The real value of relaxing this rule is in nontrivial cases that span  
across multiple lines:


sprintf(
'long example pattern with %d conversions: %s',
$several,
$conversions
);

This sort of construction makes the code more readable but also  
exposes you to trailing-comma errors. You can easily introduce an  
error either by removing the last parameter or by changing parameter  
order. At least in my experience, these are relatively common syntax  
errors, and ones that are easy to make when making edits that are  
apparently minor.
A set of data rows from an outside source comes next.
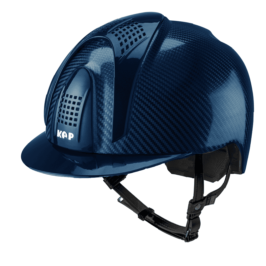 Kep Italia E-light carbon blu lucido con inserti blu lucidi e cinturino in eco-pelle blu scuro. Imbottitura interna inclusa nel prezzo, da indicare la taglia nelle note d'ordine.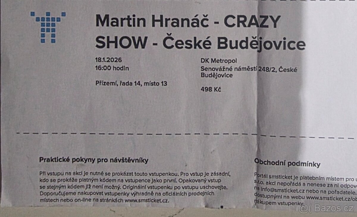 Prodám jeden lístek na Hranáče do Českých Budějovic dne 18.1.26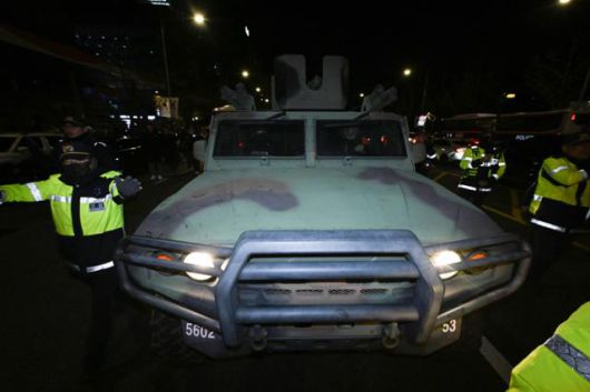 윤석열 대통령의 비상계엄 해제 요구 결의안이 국회 본회의에서 통과된 4일 새벽 계엄군이 국회 앞 도로를 빠져나가고 있다. 박시몬 기자 |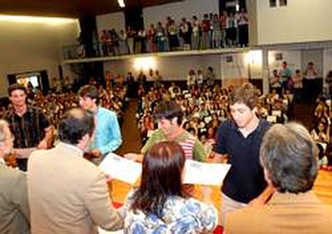 09 jul 2005 . Actualizado a las 07:00 h.En la mesa de recepción del Auditorio de la Universidade reposan 197 manzanas, el mismo número de chicos y chicas que esperan en la entrada del edificio que la USC reconozca sus méritos académicos. Todos tienen entre 17 y 18 años y han conseguido, al menos, un nueve de media en la calificación definitiva de las PAAU (pruebas de acceso a la universidad). Ninguno sabe el significado de la fruta, pero en los carteles en los que están impresos todos sus nombres se lee A USC recoñece o fruto dos teus estudos. Misterio resuelto, no era la manzana de la tentación sino de la gloria. «El secreto no está en estudiar el último día antes del examen, sino hacerlo todos los días», comenta Maikel Doespíritusanto, estudiante del instituto García Barbón de Verín. Maikel tiene un hermano gemelo, Marcos, también galardonado. Ambos, de 18 años, van a clase desde la pequeña localidad de Soutochao, a unos 20 kilómetros de Verín. Pese a que comparten muchas experiencias, no suelen hacer juntos las tareas, aunque los dos han obtenido unas calificaciones por encima del nueve. Ahora tendrán que separarse. Uno de ellos hará Periodismo, mientras que el otro se inclinará por otras disciplinas en el campo de la comunicación. Un 25% de los estudiantes premiados escogerá las universidades de A Coruña y Vigo, el 50% opta por Santiago y el resto se irá fuera. Sara Pérez, la alumna que obtuvo la mayor calificación, es la responsable de leer un discurso en representación de todos sus compañeros. Hizo un balance del curso pasado y anticipó sus aspiraciones académicas de los próximos años. «¿Cuál es el secreto de los resultados? Estudiar y ser constante, sobre todo este año, en el que era fundamental alcanzar la nota deseada para la carrera», reconoce Africa Morán. A continuación, el rector de la Universidade compostelana, Senén Barro, felicitó a los jovenes y aprovechó para tranquilizar a los futuros licenciados de Humanidades después de la polémica sobre su posible desaparición: «No sólo no van a desaparecer, sino que mejoraremos sus programas anuales», recalcó. Merecidas vacaciones Una chica recogió el diploma con una camiseta en la que se leía « I need Holidays » (Necesito vacaciones). Estos son los nombres de los ourensanos que más se las merecen: Nuria Fernández (Allariz), Lourdes Alfaya, Adrián Gómez y David Reverter de As Lagoas, Belén Vázquez (Divina Pastora), Mª José Fernández (Doce de Octubre), Mª Teresa Araújo y Noemí González (Eduardo Blanco Amor), Noemí Fernández (Julio Prieto Nespereira), Iago Fernández, Clara Eugenia Gil, Dinora Polanco, José Rodríguez y Rodrigo Verdeal (María Auxiliadora), Pablo González (Padre Feijoo Zorelle), María Álvarez, María Hernanz, Elía Mariño y Raquel Vázquez (Santa María), Nereida Fernández, Marta Pacio y Noelia Pérez (Santa Teresa de Jesús), Adriana Gallego y África Morán (Xesús Ferro Couselo), Iván González (O Couto), Maikel y Marcos Doespiritusanto (García Barbón de Verín) y Vanesa Bruña (Martaguisela de O Barco).
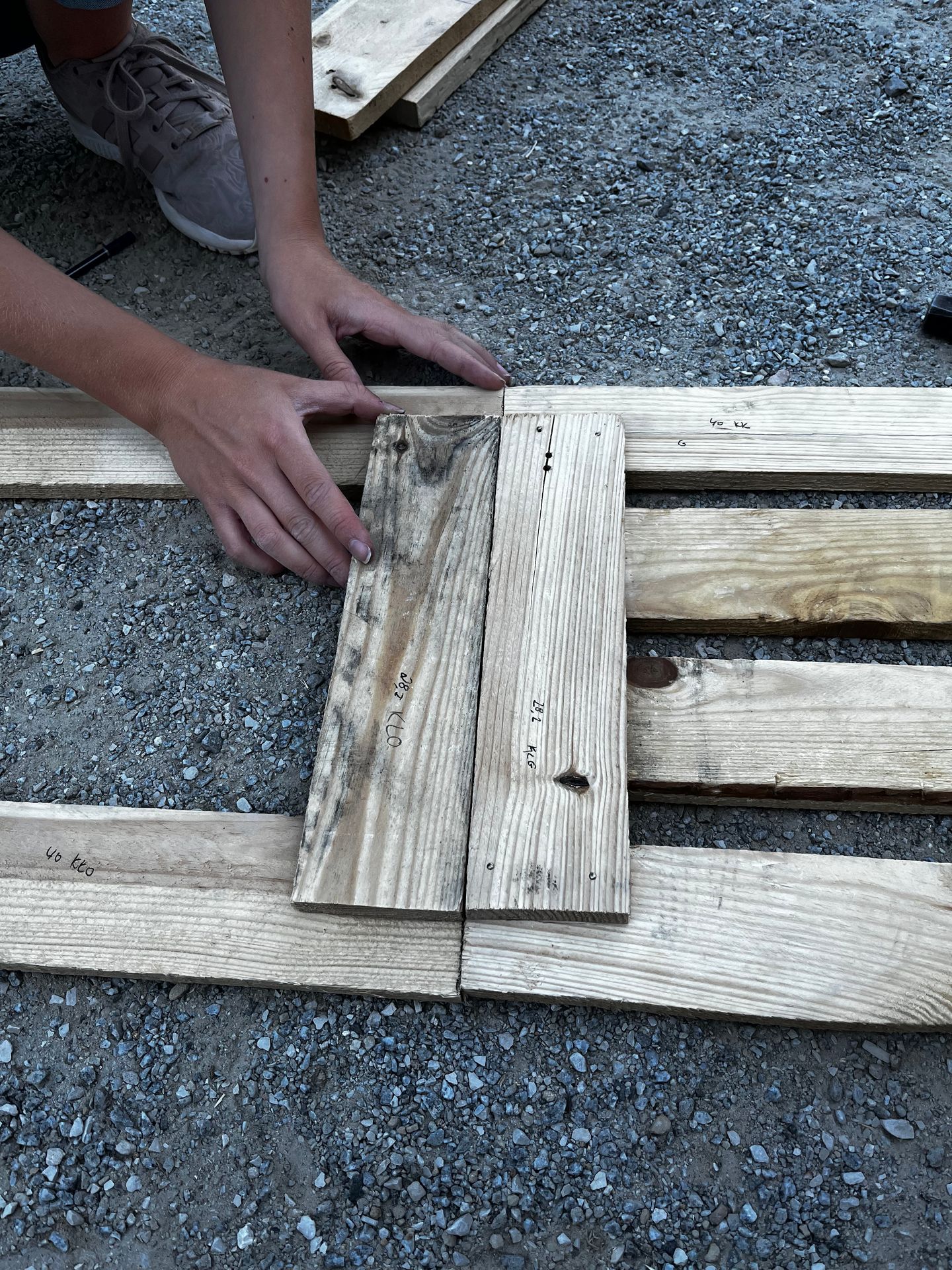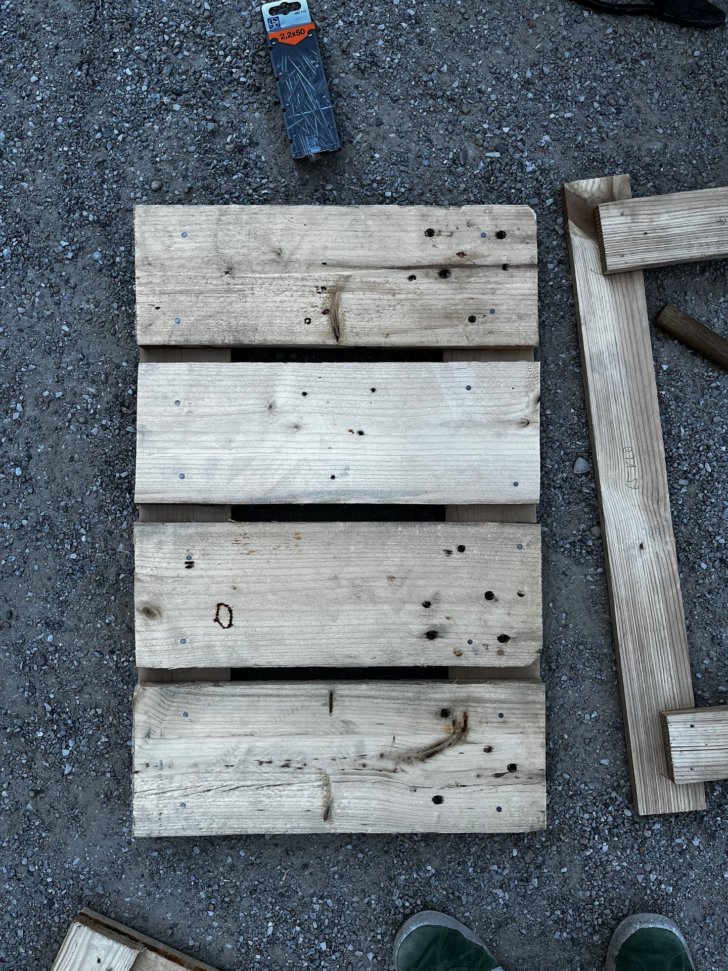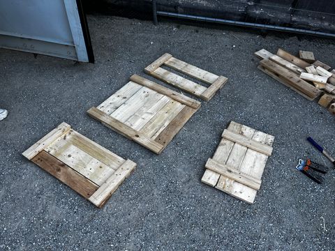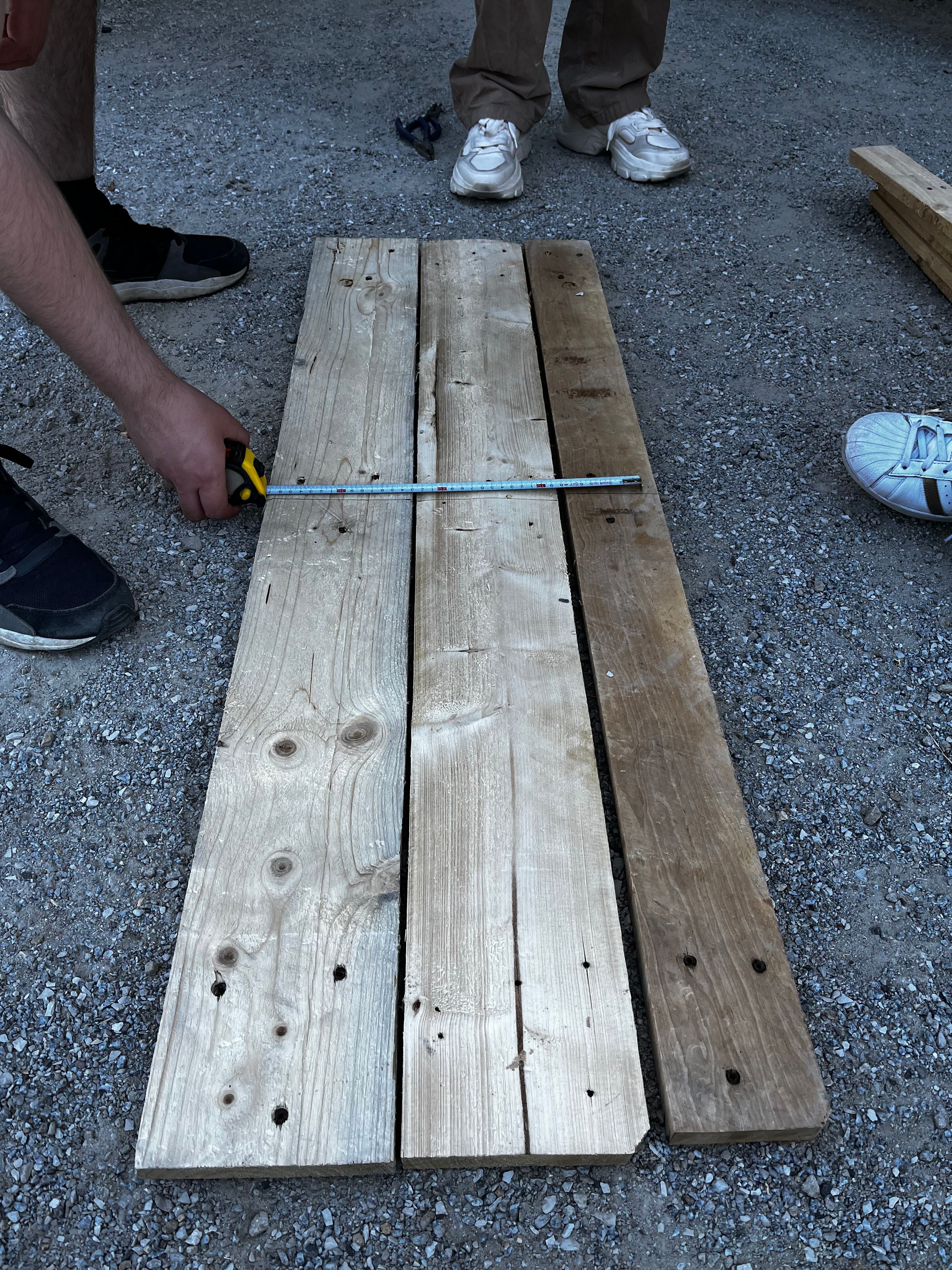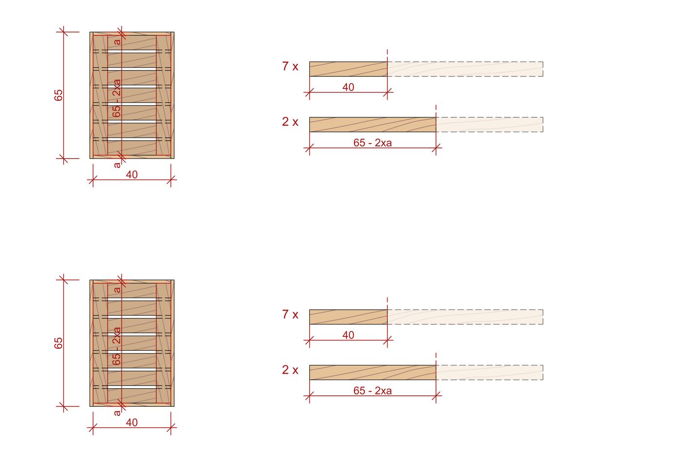 For the short side of the table measure the pieces shown on the bottom right side of the picture: 2 x (70 cm - a) 2 x (40 cm -2xa) a is the thickness of your pallet wood.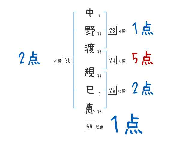 総運![]() | 中野渡規巳恵さんの総運は54画の1つ星!トラブルが多いかも。周りをよく見て協調して過ごしましょう。 あなたの人生を表す1番重要な運勢です。生涯を通じて影響する総合運となり、主に50歳以降の晩年期に影響を及ぼします。 |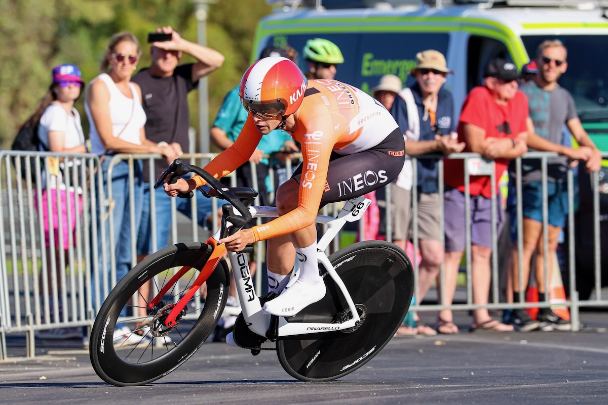 区間2位に入ったのは、同じイギリス出身のイーサン・ヴァーノン(NSNサイクリングチーム)。ワトソンのタイムに僅か0.59秒という僅差に迫り、ローレンス・ピシー(ニュージーランド、レッドブル・ボーラ・ハンスグローエ)は2秒遅れの区間3位。地元オーストラリア出身選手の最高位は、4秒遅れで4位のジェイ・ヴァイン(UAEチームエミレーツXRG)だった。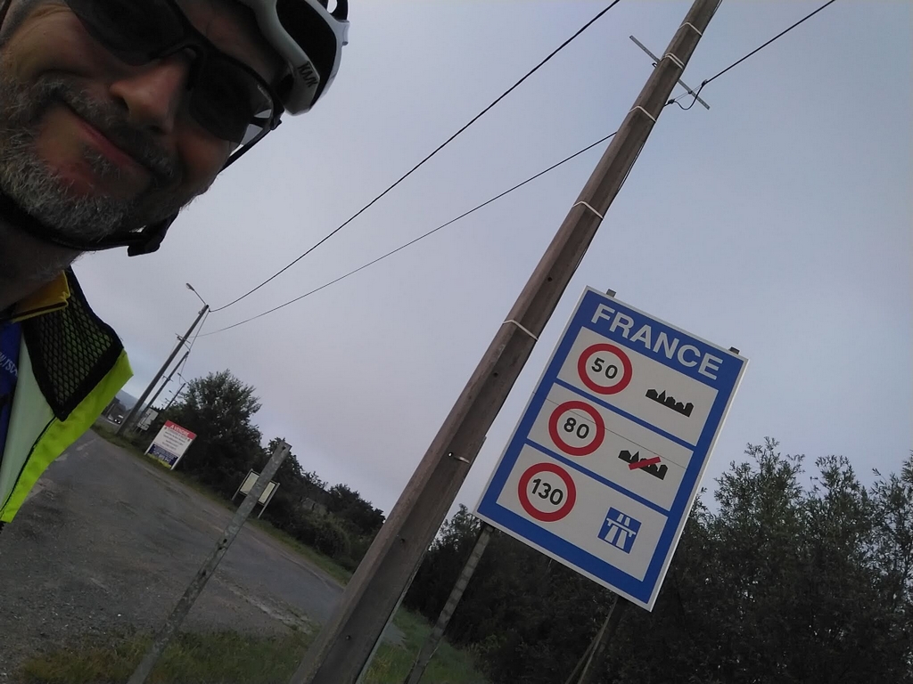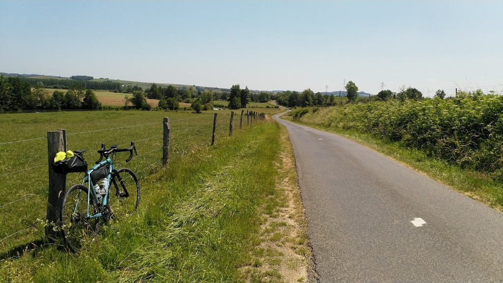 Am Chateau de Rémilly verließ ich den Maasradweg und schwenkte Richtung Osten, Richtung Luxemburg. Der erhoffte Westwind kam leider aus dem Osten, also Gegenwind für die letzten 160 km. Langsam wurde es zäh. Aber zuerst wurde es heiß. Und dann hügelig. Nach einem Zwischenhoch kurz vor Longuyon war ich froh, dort die letzte geplante Pause machen zu können, Erdbeerkuchen, es war schließlich Nachmittag. Leider kein Kaffee. Das zweite Zwischenhoch blieb allerdings aus. Hoch ging es aber nach Luxembourg, die letzten rund 70 km würden nochmal um die 700 Höhenmeter haben. Dazu Gegenwind und Hitze und so langsam war ich dann doch etwas angeknockt. Eine Welle folgte der nächsten, so grausam hab ich Luxembourg noch nie erlebt. Die letzten 40 oder 50 km waren also eher qualvoll und es ging nur noch ums Ankommen. Letzte Verpflegungsversuche an einer Tankstelle waren dann erfolgreich und ich rollte gegen halb Acht abends durch Schengen an die Mosel. Flott rüber nach Perl ins Hotel und Beginn des Wiederaufbauprogramms. Kurz einschlafen auf dem Sessel im Hotelzimmer, Essen, Schlafen. Am nächsten Tag das nächste Abenteuer: Deutsche Bahn und nach Hause.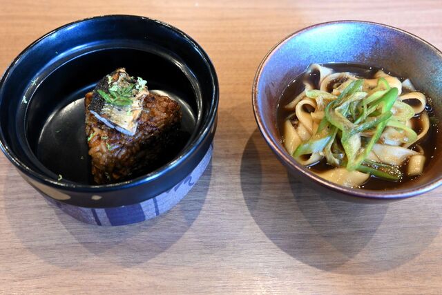 そして〆には、焼きおにぎり、きしめん、ガーリックライスの3品から希望を聞かれ、全てお願いすることも可能とのこと。3品全ていただきました。ガーリックライスは、いつも鉄板席から漂ってくる食欲をそそる匂いに、いつか食べてみたいと思っていたので、嬉しいサプライズでした。中でも、桜海老の出汁がきいたきしめんが、特に好みでした。
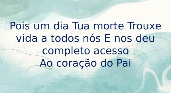 - Pois um dia Tua morte Trouxe vida a todos nós E nos deu completo acessoAo coração do Pai

In the above example, I can remove the %s  
conversion, remove the $conversions parameter, and inadvertently  
introduce a syntax error because I have neglected to remove the comma  
after $several. Similarly, I can change the parameter order by  
modifying the string and swapping $several for $conversions, but  
introduce a syntax error by neglecting to move the comma.


In the current grammar, if a function or method call has been written  
with parameters broken across multiple lines, adding or removing a  
trailing parameter means you need to modify two lines of code instead  
of one. This muddies and reduces the value of blame features in  
revision control. It also makes diffs slightly larger and noisier,  
which can make code reviews take a little longer since you have to  
scan the line and make sure the only change is to the trailing comma.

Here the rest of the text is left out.